Reputation: 367
Sorry if this is a duplicate, however, the solutions pointed out aren't working for me. Most likely I am missing something basic here. I have a Dataframe like below:
inputDF: org.apache.spark.sql.DataFrame = [ts: string, id: string ... 20 more fields]
I am trying to filter some of the "rows" of interest here based on a field called "state" (of type String) by doing this (in Scala):
inputDF.filter(inputDF("state") == "BALANCED").show()
However this gives me an error:
<console>:143: error: overloaded method value filter with alternatives:
(func: org.apache.spark.api.java.function.FilterFunction[org.apache.spark.sql.Row])org.apache.spark.sql.Dataset[org.apache.spark.sql.Row] <and>
(func: org.apache.spark.sql.Row => Boolean)org.apache.spark.sql.Dataset[org.apache.spark.sql.Row] <and>
(conditionExpr: String)org.apache.spark.sql.Dataset[org.apache.spark.sql.Row] <and>
(condition: org.apache.spark.sql.Column)org.apache.spark.sql.Dataset[org.apache.spark.sql.Row]
cannot be applied to (Boolean)
inputDF.filter(inputDF("connState") == "BALANCED").show()

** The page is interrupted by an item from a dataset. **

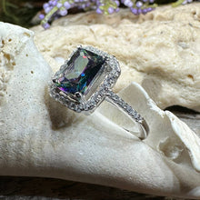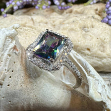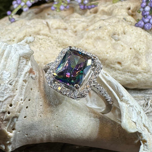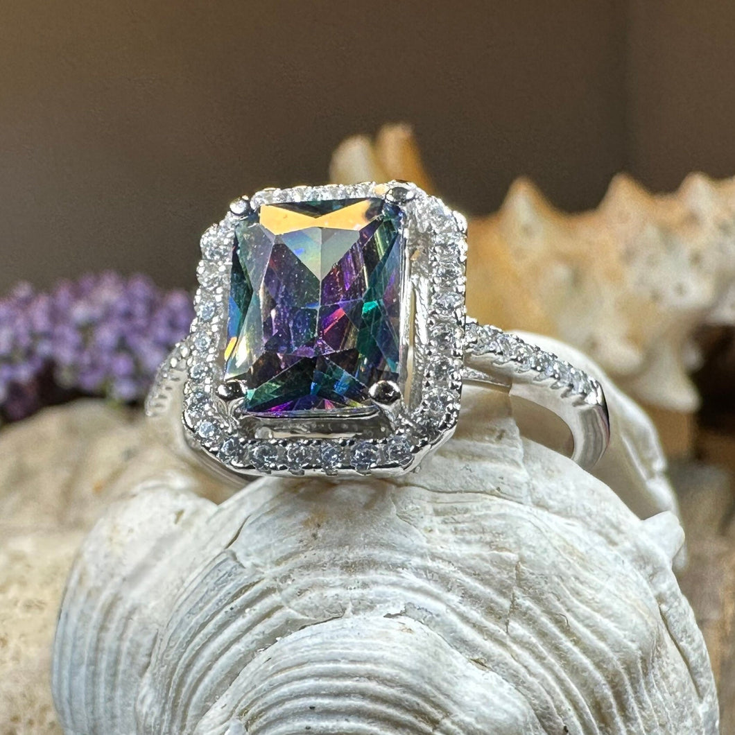 The traditional elements of the classic ladies ring with a large glowing mystic topaz and 40 diamond zirconia accent stones - sterling silver with a blue-green mystic topaz.

Can someone please point out what is incorrect here ? I followed few examples including the one in https://rklicksolutions.wordpress.com/2016/03/03/tutorial-spark-1-6-sql-and-dataframe-operations/ but can't figure out whats wrong.
Upvotes: 1
Views: 3453
Reputation: 367
Looks like I need to use === instead of ==
inputDF.filter(inputDF("state") === "BALANCED").show()
is doing what I want.
Upvotes: 2